*Requirement*
Print, exactly as they stand, the lines below from the one that has "当前位置: 91家纺网 >" to the one that has "Daarnaast is er", inclusive, leaving out the pictures.

(Task data begins)

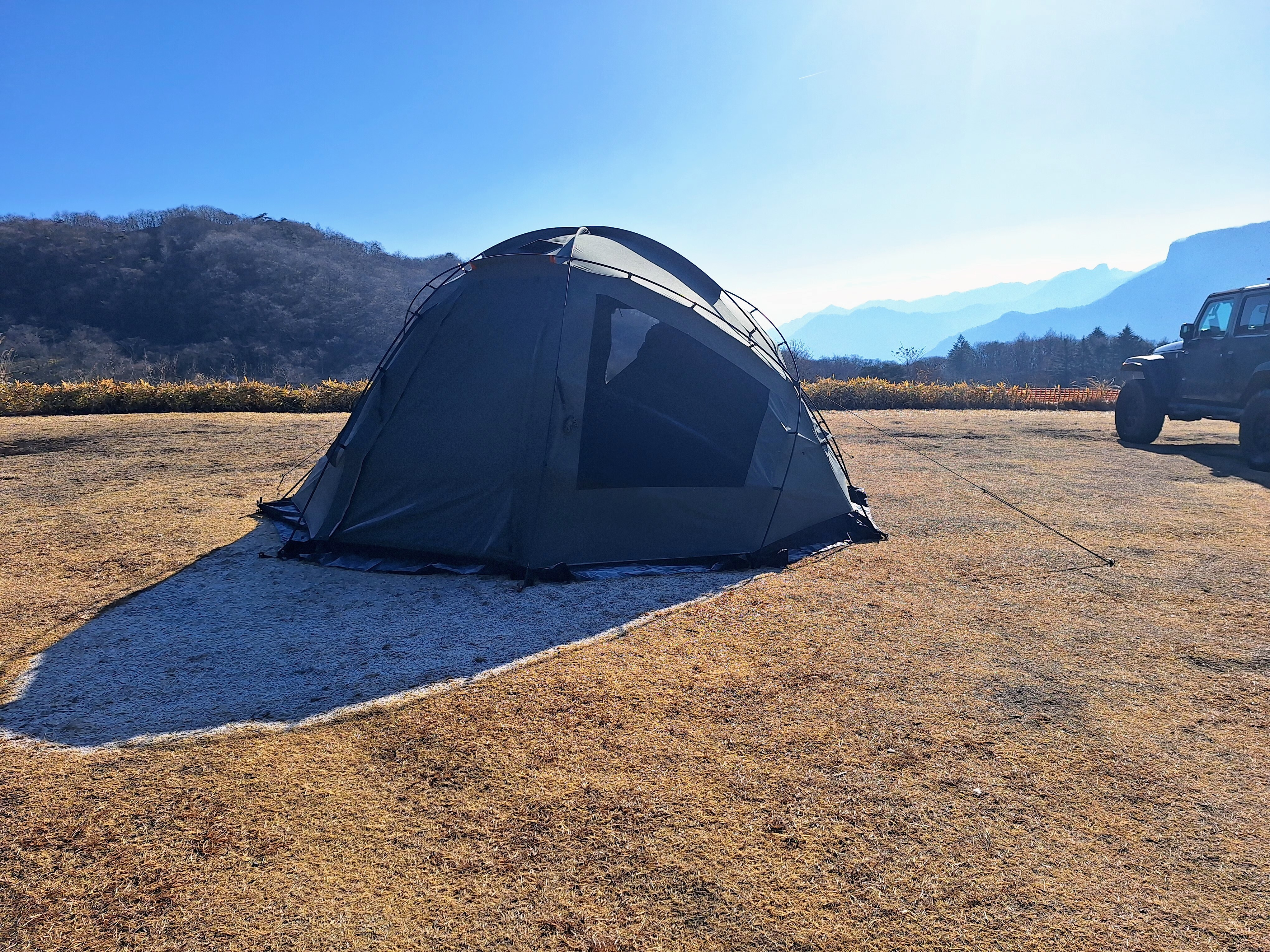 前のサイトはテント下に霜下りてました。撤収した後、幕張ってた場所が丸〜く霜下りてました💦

(Task data ends)
(Task data begins)

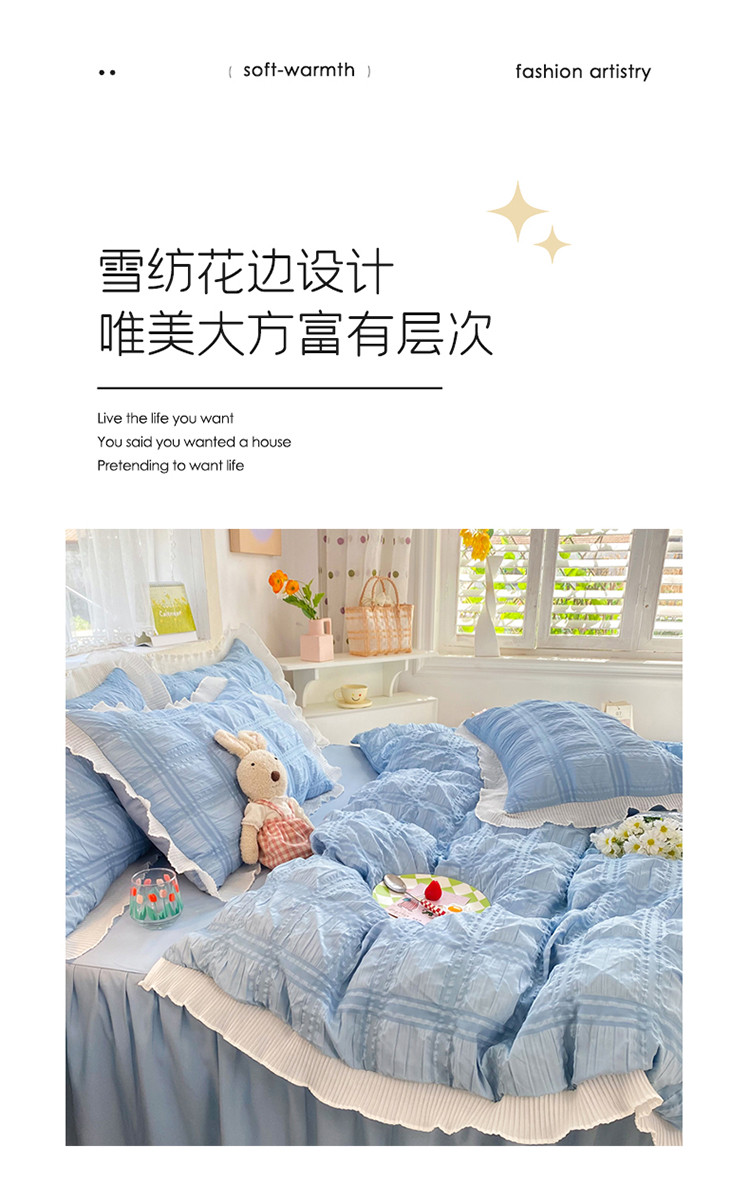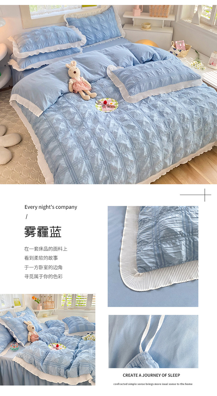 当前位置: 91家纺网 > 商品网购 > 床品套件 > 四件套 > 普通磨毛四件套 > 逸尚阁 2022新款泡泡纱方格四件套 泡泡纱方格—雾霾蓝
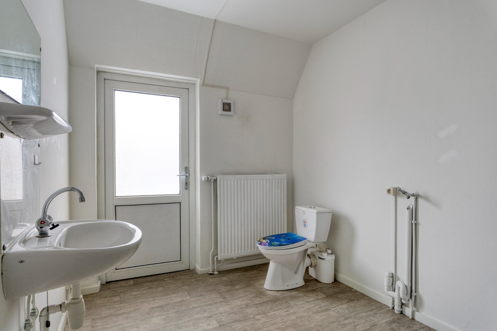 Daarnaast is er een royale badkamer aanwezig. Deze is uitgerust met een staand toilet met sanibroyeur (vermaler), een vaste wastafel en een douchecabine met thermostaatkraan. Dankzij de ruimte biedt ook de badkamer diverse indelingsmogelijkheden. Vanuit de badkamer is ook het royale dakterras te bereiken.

(Task data ends)
(Task data begins)

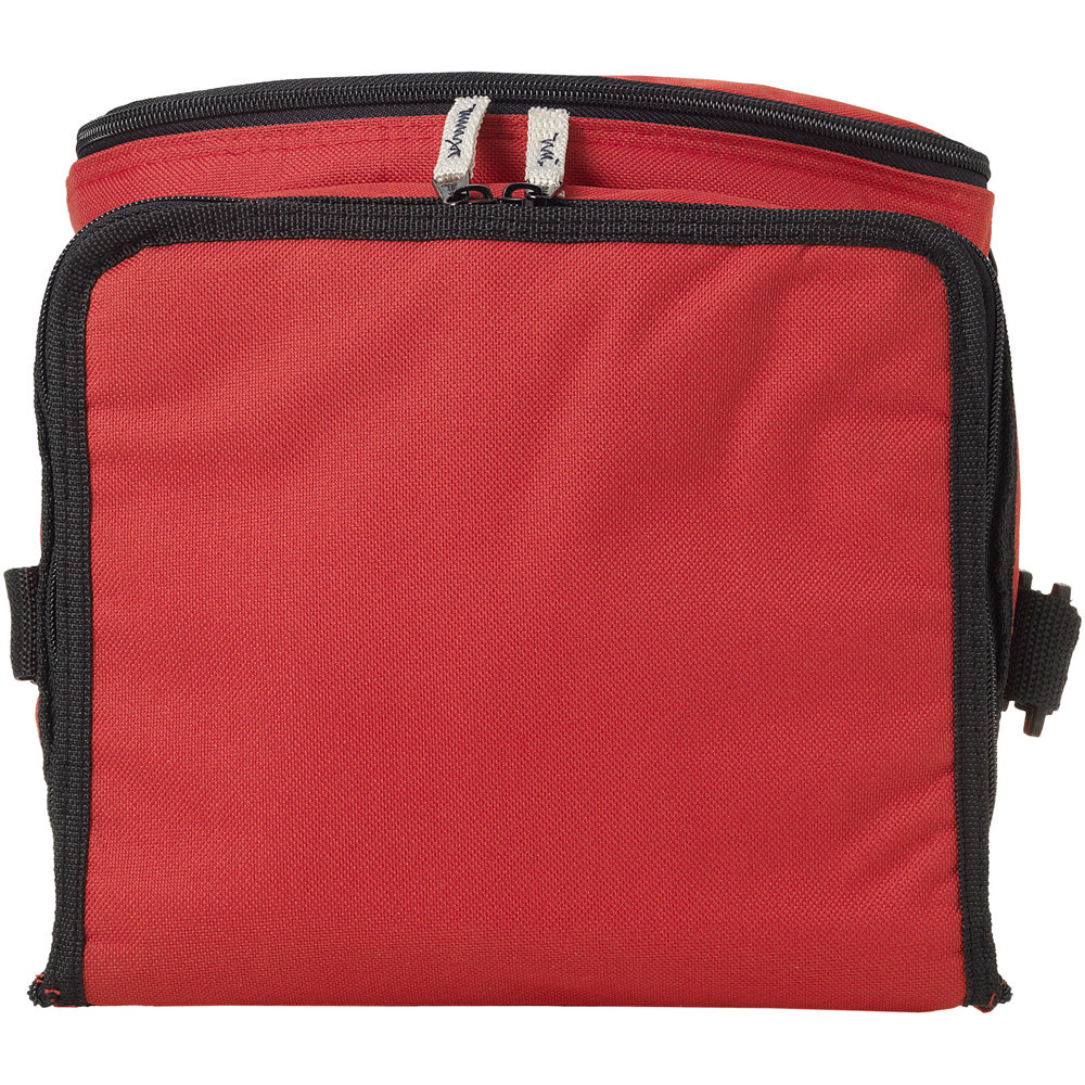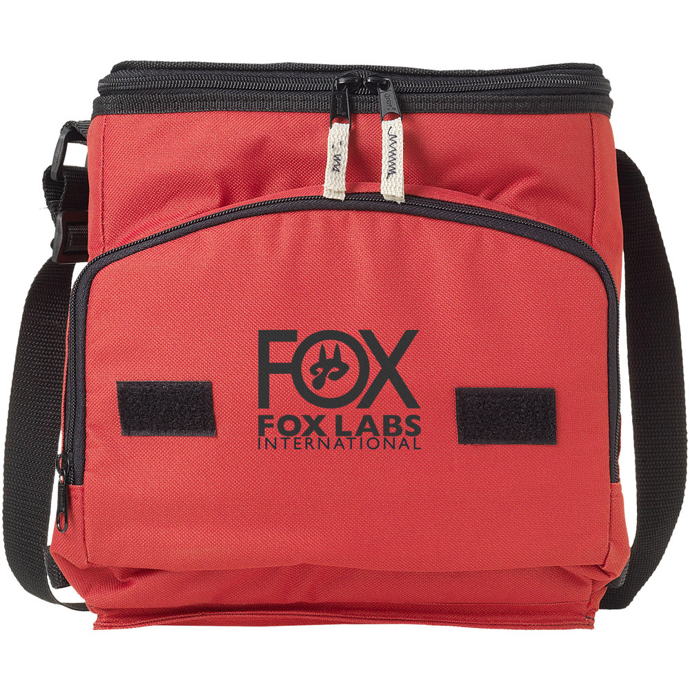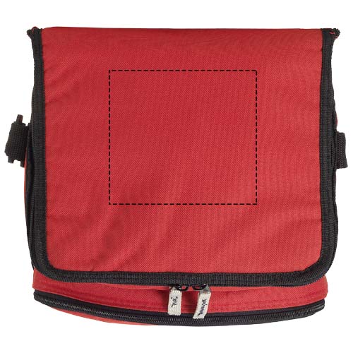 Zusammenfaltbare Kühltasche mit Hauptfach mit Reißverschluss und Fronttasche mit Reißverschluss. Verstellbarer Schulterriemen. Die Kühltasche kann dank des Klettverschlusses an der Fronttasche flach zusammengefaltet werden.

(Task data ends)

*The completed task*
 当前位置: 91家纺网 > 商品网购 > 床品套件 > 四件套 > 普通磨毛四件套 > 逸尚阁 2022新款泡泡纱方格四件套 泡泡纱方格—雾霾蓝
 Daarnaast is er een royale badkamer aanwezig. Deze is uitgerust met een staand toilet met sanibroyeur (vermaler), een vaste wastafel en een douchecabine met thermostaatkraan. Dankzij de ruimte biedt ook de badkamer diverse indelingsmogelijkheden. Vanuit de badkamer is ook het royale dakterras te bereiken.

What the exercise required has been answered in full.